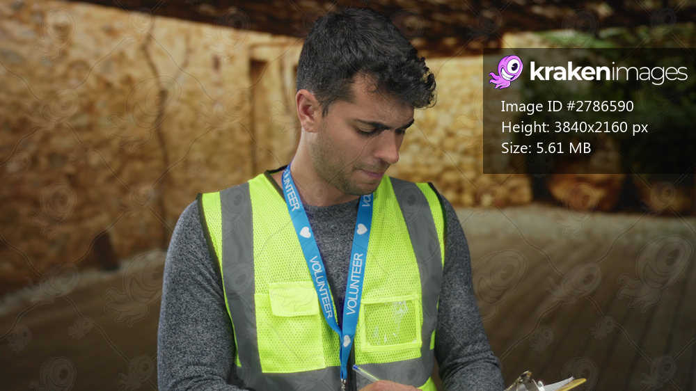 Man arranges clipboard layouts before writing reports in a courtyard for volunteer crews with a hispanic and young assistant in vest and a pen held by a keen guy. - Kraken Images
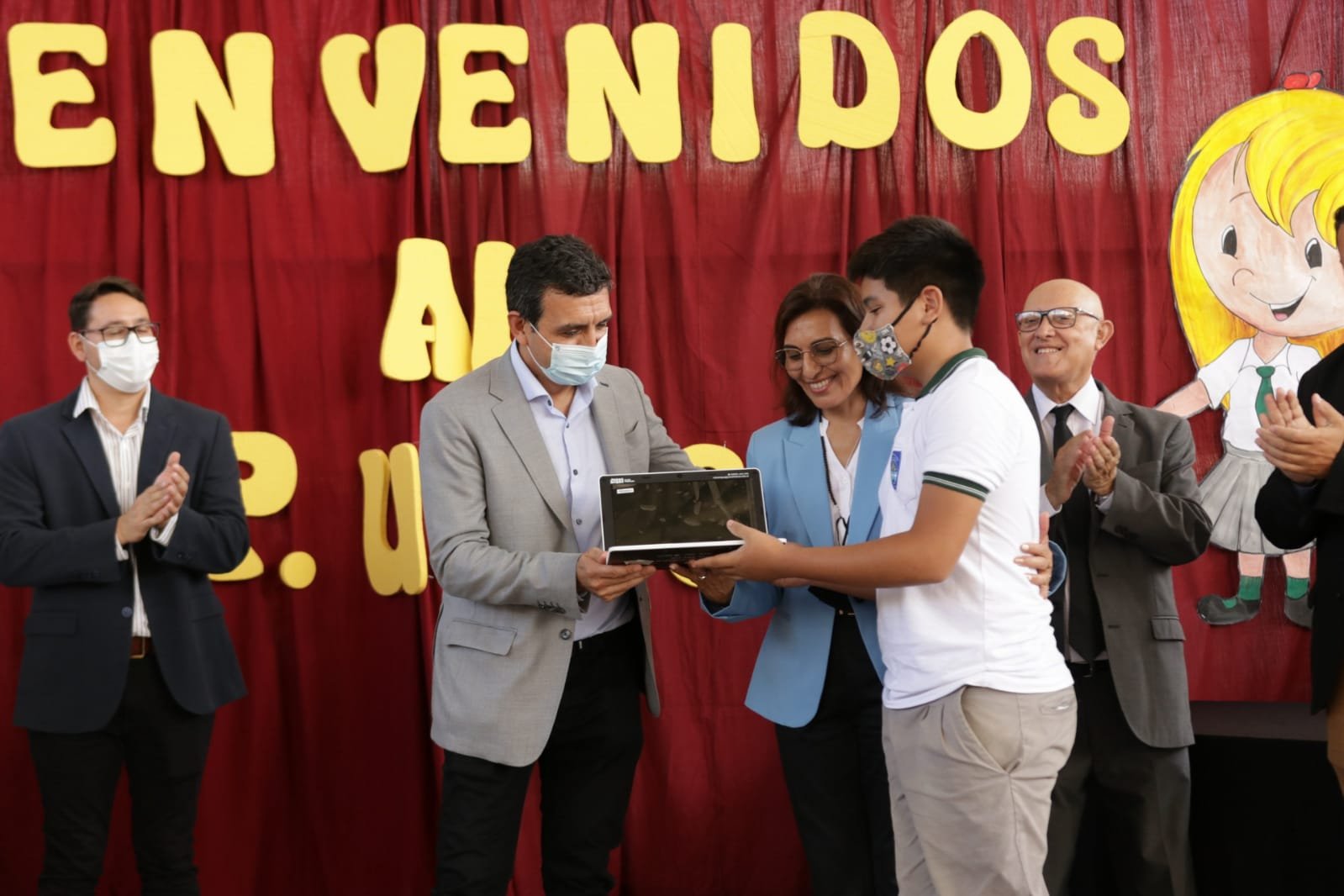 El Ministro de Educacion de la Provincia, Ariel Martinez en el dia de hoy hizo entrega de 478 computadoras a estudiantes del colegio San Martín del programa #ConectarIgualdad, que significa más escuelas conectadas, pisos tecnológicos y un nexo entre el establecimiento educativo y la familia.
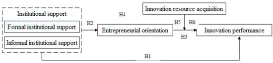 Institutional theory holds that the success of enterprise innovation depends not only on the internal resources of the organization, but also on the external institutional environment [15]. Studies have pointed out that institutional support is a key element of resource allocation and other economic activities in the enterprise social relationship network [16]. Limited by their initial resources, new ventures need to constantly seek external innovation resources to meet their own development needs, but the liability of newness will increase the difficulty of obtaining innovation resources [17]. Existing studies have confirmed that institutional support has a positive effect on firm resource acquisition [15]. In practice, it is generally recognized that institutional support can boost the innovation and development of new enterprises [18]. Institutional support for new ventures provides various resources and the entrepreneurial opportunities which enterprises need to transform into unique competitive advantages through operational decisions. Entrepreneurial orientation is a decision-making culture for new ventures to cope with environmental changes, and is a bridge connecting the external environment and organizational performance [19]. It can effectively transform resources and information obtained by organizations from the environment into competitive advantages, that is, institutional support may have an impact on innovation performance through entrepreneurial orientation. Practice shows that new ventures with strong access to innovation resources can obtain valuable information in the institutional environment at the lowest cost and utilize its entrepreneurial orientation, that is, innovation resource acquisition also has an important impact on the relationship between entrepreneurial orientation and innovation performance.
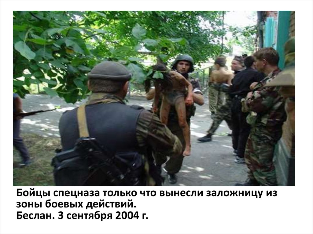 Бойцы спецназа только что вынесли заложницу иззоны боевых действий.
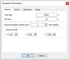 Time Step: This numerical field used by the chosen solver to determine the time step (in seconds) between iterations; reducing this value often produces more accurate results, but this requires executing additional calculations that affects the simulation speed and the size of the generated data. The default value is 0.001.
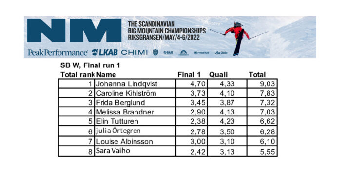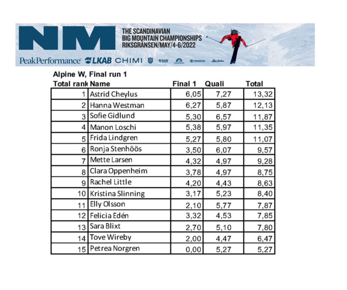 Kristofer Turdell, Hanna Westman, Johanna Lindqvist och Rickard Croy åkte fetast i Ravinen på Nordals idag. Här är allt du behöver veta om första finaldagen på extrem-NM i Riksgränsen 2022.
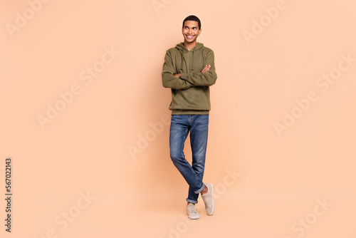 Full length photo of good looking glad man wear stylish clothes stand near empty space interesting offer isolated on beige color background
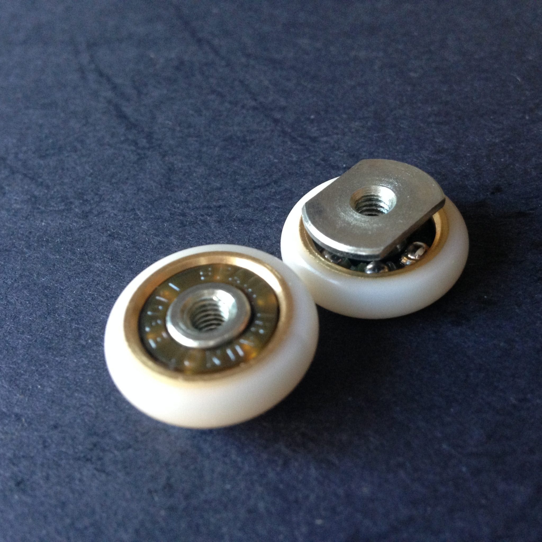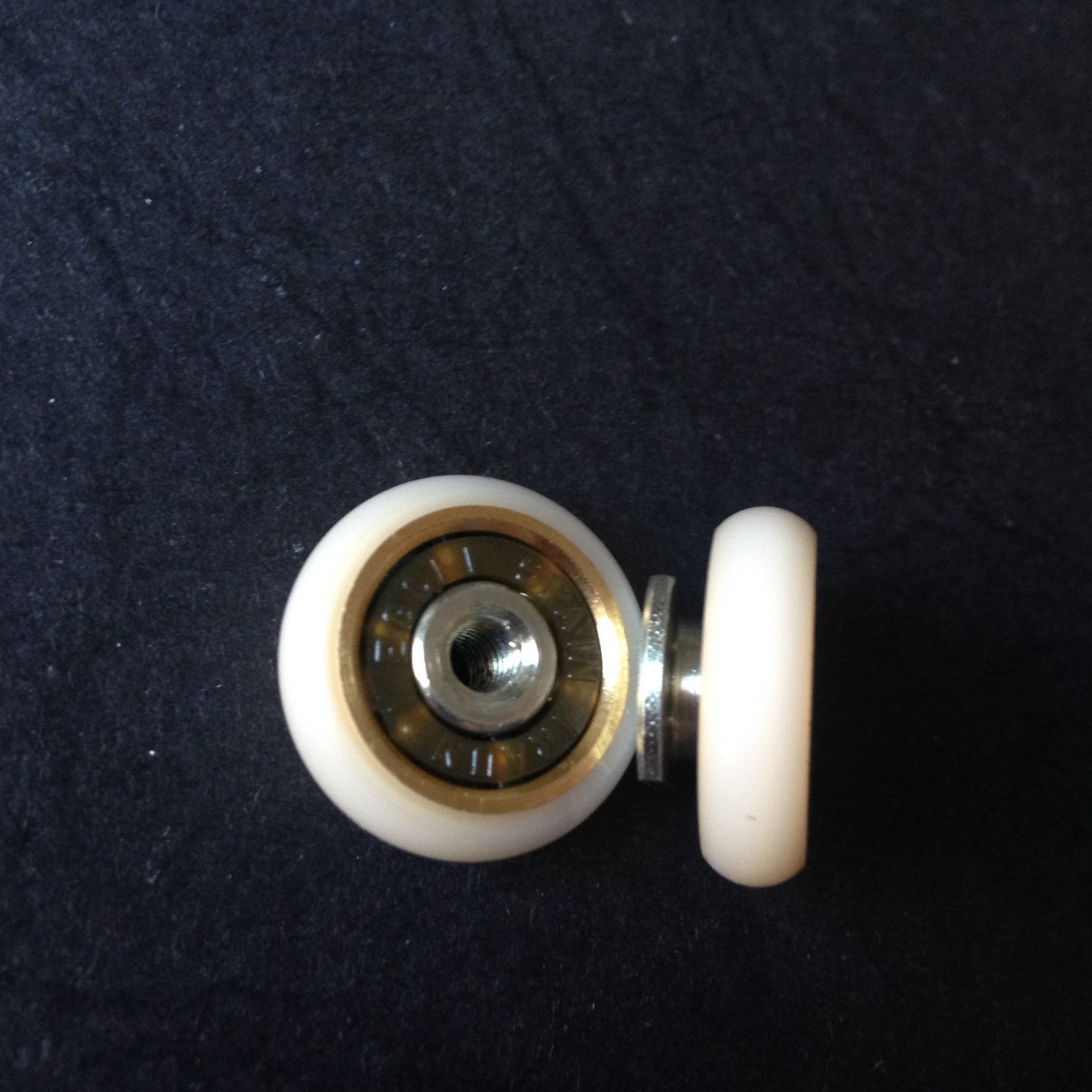 Roulette droite simple pour porte coulissante de cabine de douche. Vendue à l’unité, cette roulette se compose d’un corps en laiton. Le bandage plat de la roulette est en téflon, recouvrant un roulement à billes étanche en acier inoxydable. Le choix et la qualité des matériaux employés offrent une utilisation optimale de confort, limitant ainsi le frottement et le bruit lors de la manipulation de la porte.
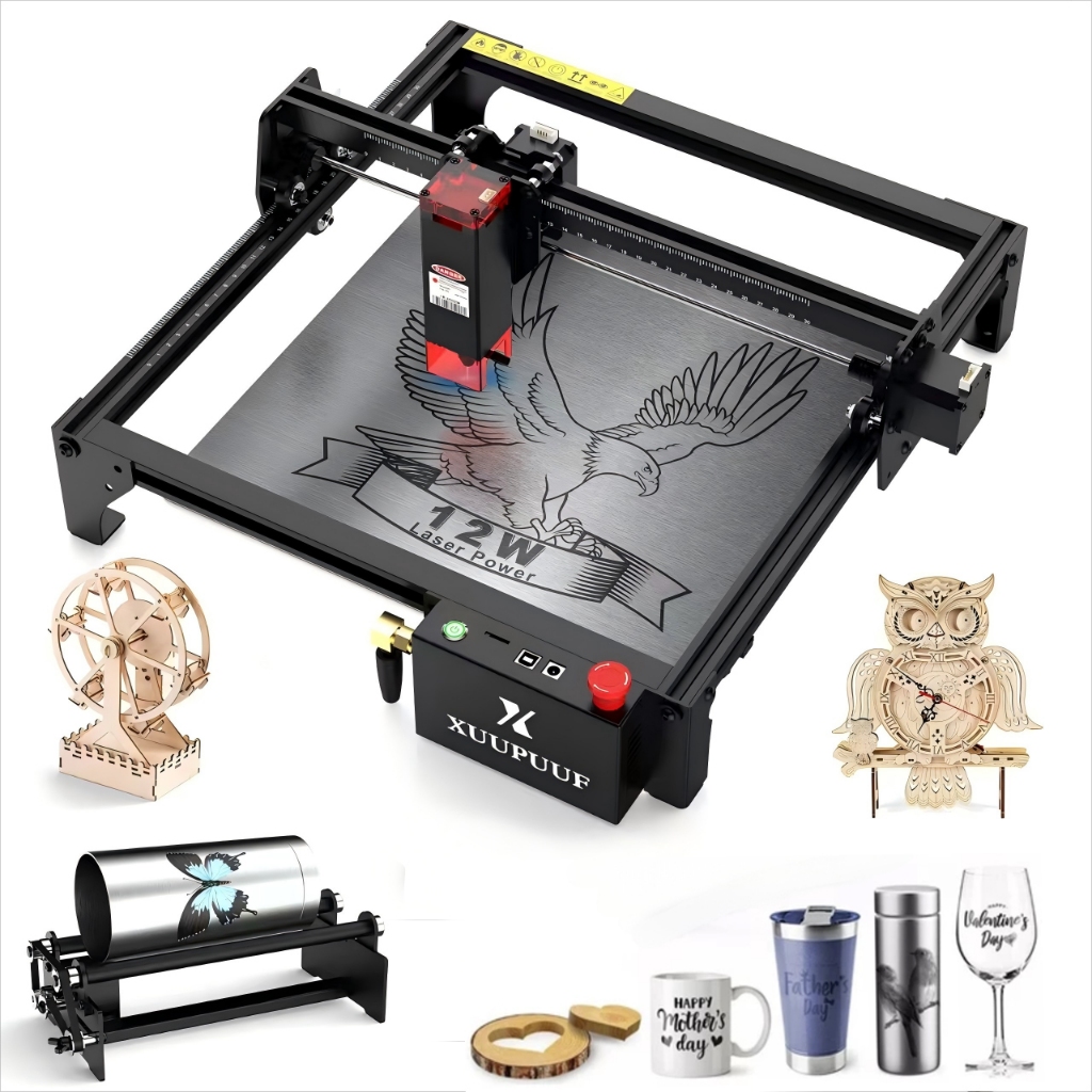 Xuupuuf-y12 Gravador a Laser Cnc Impressora Corte Laser 60w-30x30cm-Gravadora Corte Acrílico/MDF+rolo Giratório-XTTS10-0

About this task:
Your task is to retype the lines running from the one that contains "Roulette droite simple" through the end of the records, and nothing else. Pictures are not part of the copy.

Task response:
 Roulette droite simple pour porte coulissante de cabine de douche. Vendue à l’unité, cette roulette se compose d’un corps en laiton. Le bandage plat de la roulette est en téflon, recouvrant un roulement à billes étanche en acier inoxydable. Le choix et la qualité des matériaux employés offrent une utilisation optimale de confort, limitant ainsi le frottement et le bruit lors de la manipulation de la porte.
 Xuupuuf-y12 Gravador a Laser Cnc Impressora Corte Laser 60w-30x30cm-Gravadora Corte Acrílico/MDF+rolo Giratório-XTTS10-0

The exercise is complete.